▶ **Supplied records**
--*--

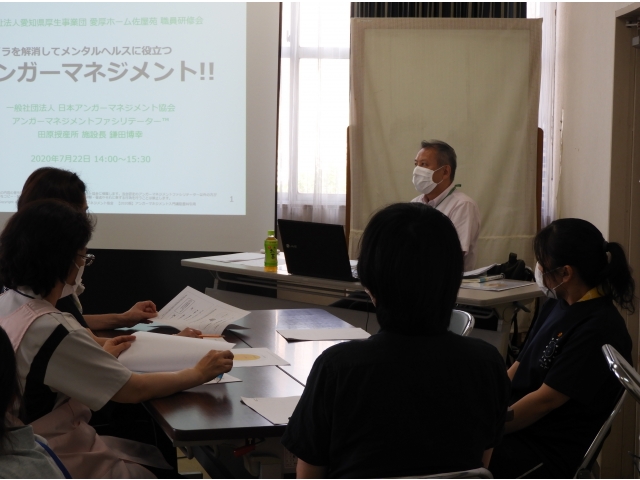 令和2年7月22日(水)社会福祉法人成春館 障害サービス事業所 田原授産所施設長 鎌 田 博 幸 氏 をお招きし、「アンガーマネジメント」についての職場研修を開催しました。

--*--

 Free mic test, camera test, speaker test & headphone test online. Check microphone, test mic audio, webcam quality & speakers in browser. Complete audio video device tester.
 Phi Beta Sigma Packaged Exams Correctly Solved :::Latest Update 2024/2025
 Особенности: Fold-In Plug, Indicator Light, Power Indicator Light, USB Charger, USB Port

--*--

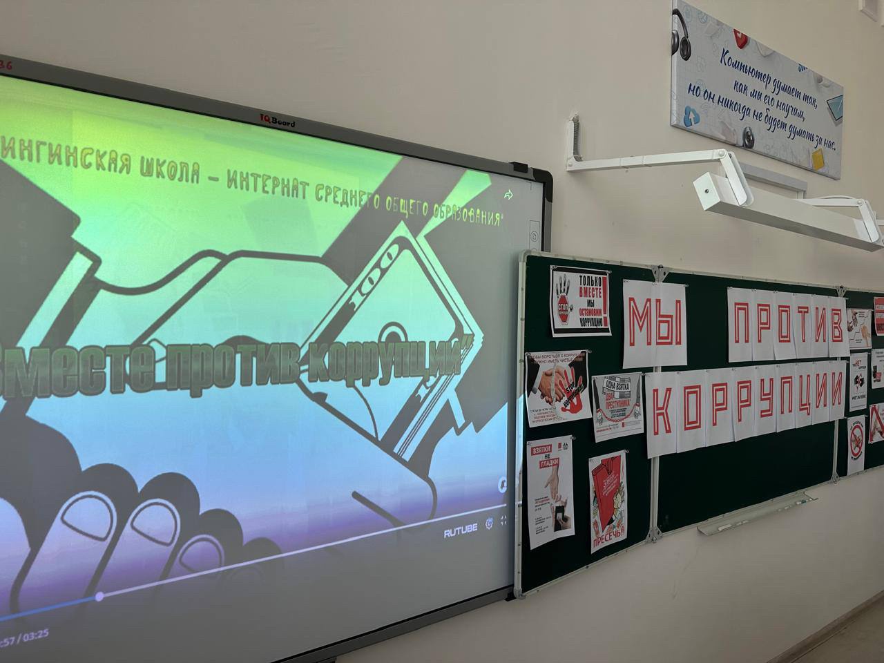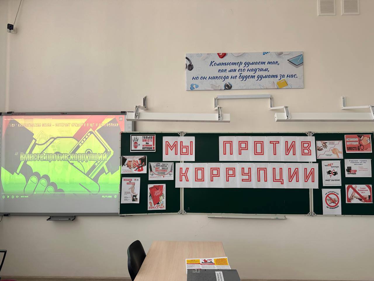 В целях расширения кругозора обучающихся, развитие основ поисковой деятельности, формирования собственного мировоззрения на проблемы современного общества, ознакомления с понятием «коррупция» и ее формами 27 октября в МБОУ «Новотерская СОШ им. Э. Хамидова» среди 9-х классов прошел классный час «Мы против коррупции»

--*--

▶ **Exercise**
Please copy, exactly and with nothing else, the lines above beginning at the line that has "Free mic test, camera" and ending with the line that has "Особенности: Fold-In Plug, Indicator".

▶ **Answer to the exercise**
 Free mic test, camera test, speaker test & headphone test online. Check microphone, test mic audio, webcam quality & speakers in browser. Complete audio video device tester.
 Phi Beta Sigma Packaged Exams Correctly Solved :::Latest Update 2024/2025
 Особенности: Fold-In Plug, Indicator Light, Power Indicator Light, USB Charger, USB Port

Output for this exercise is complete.